Monday, November 23, 2009

Puberty and the Carpet Guy

I've laughed so hard telling this story a couple of times that I finally decided to post it.

#1's class was going to watch a video on puberty at school. We wanted to preview it first, but could never find time to do it together. So the day before permission slips were due, with Mike making preparations to go out of town that afternoon and with the carpet guy hard at work, I began the preview. I found myself right back in 6th grade squirming in my seat.

But that wasn't all I wanted to do when I looked over my shoulder to see the carpet guy noticing the diagram of male anatomy going through various stages. Could the desk swallow me up, please?

Of course, being me, I couldn't stand the idea that the carpet guy might leave thinking I had been watching something questionable (since he didn't see the rest and couldn't hear it over his work).

So, yes, I must admit, I brought it up with the carpet guy. Now, do you want to be swallowed by your desk imagining my conversation?? It went something like this.
Me: So, do you have kids, Al?
CG: Yes, three.
Me: How old?
CG tells ages.
Me: Oh, so you've already had to have the puberty discussion, huh?
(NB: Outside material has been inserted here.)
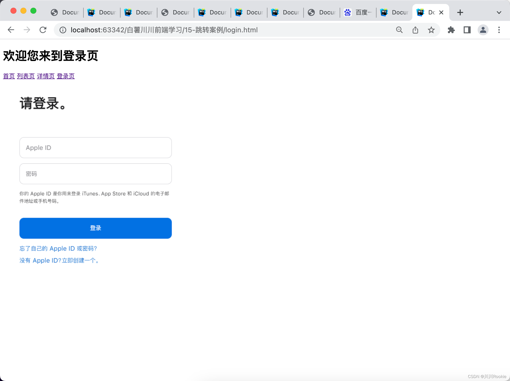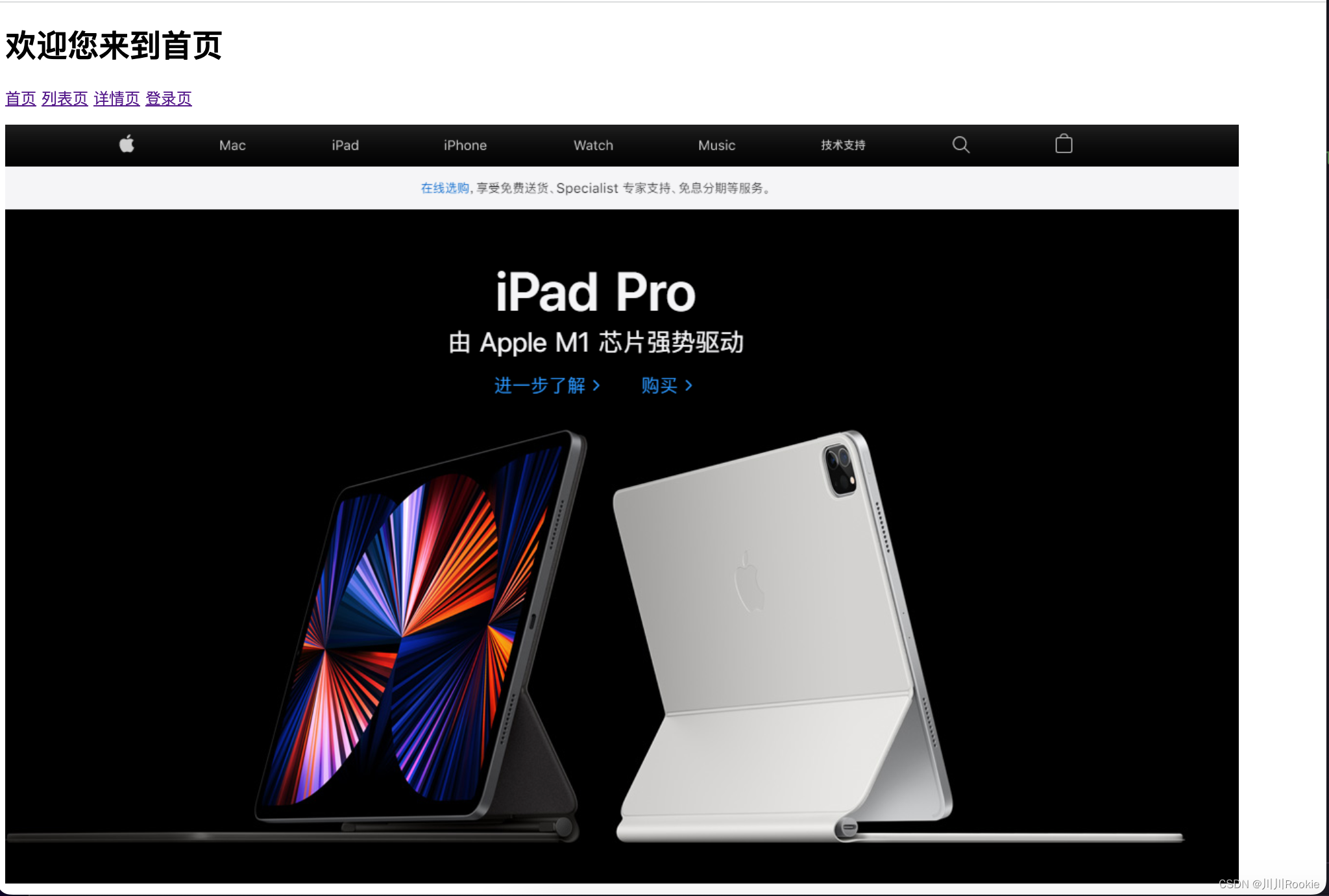 常用语网页的跳转就比如你在购物京东,点击一个商品他就会跳转到相对应的页面,运行看看:

Yes, this was my well-crafted intro to the conversation.
CG: Oh, yeah, I take the boys and my wife takes our daughter.
Me: Good! I'm off the hook!!
CG: Of course, there needs to be some cross over so that the kids know we feel the same way.
Me: Right. That's why I was prepping to talk with our oldest about the puberty video he's going to watch at school.

I'm not going to go through the whole thing, but suffice it to say we discussed the book he uses, some of the topics on the agenda, and the need for recaps. How do I do this to myself? Mike walked in partway through the discussion, and I have to say I was incredibly proud of his composure finding his wife discussing puberty with the carpet guy.